One thousand trips like that, and the seabed will have renewed itself.

Hundreds of new seabeds and seas will have disappeared, continents will have grown together or pulled apart, new oceans will have been created, and the face of the world will have changed.

During one single second of your voyage, simple forms of life came into being and died. In nanoseconds, atoms vibrated. In a fraction of a nanosecond, chemical reactions took place.

And somewhere amid all this is man.

And above all this is the yrr.

The conscious ocean.

 

You've circumnavigated the world, seen how it was and how it is, becoming part of the eternal cycle that knows no beginning and no end, only variation and continuation. From the moment it was born, this planet has been changing. Every single organism is part of its web, a web that covers its surface, inextricably linking all forms of life in a network of food chains. Simple beings exist alongside complex life-forms, many organisms have vanished for ever, while others evolve, and some have always been here and will inhabit the Earth until it is swallowed by the sun.

Somewhere amid all this is man.

Somewhere within all this are the yrr.

What can you see?

 

What can you see?

Weaver feels unbearably tired, as though she's been travelling for years. A tired little particle, sad and alone.

‘Mum? Dad?'

She has to force herself to look at the display.

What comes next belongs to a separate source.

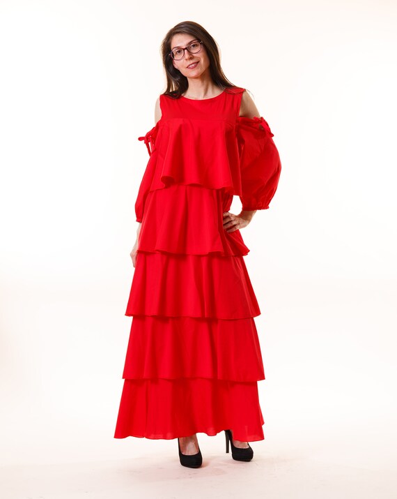Ruffle Cold Shoulder Red Maxi Dress | Etsy red cold shoulder ruffle detail maxi dress

Cabin pressure: OK. Oxygen: OK.

Dive angle: O.

Zero?

The Deepflight is horizontal. Weaver stares. Suddenly she's wide awake again. The speedometer is showing zero too.

Depth: 3466 metres.

Darkness all around.

The boat's not sinking any more. It's reached the bottom of the Greenland Basin.

She hardly dares look at the clock for fear of what she might see - perhaps evidence that she's been there for hours already and is too low on oxygen to fly back. But the figures glow calmly on the digital display, announcing that her dive began only thirty-five minutes earlier. So she can't have blacked out. She just can't remember landing, although she seems to have followed procedure. The propellers have stopped, the systems are working. She could fly home now…

And then it starts.

Collective

At first Weaver thinks she is hallucinating. She sees a faint blue glow in the distance. The apparition rises, swirling up like a scattering of dark-blue dust blown from an enormous palm, then fading into nothing.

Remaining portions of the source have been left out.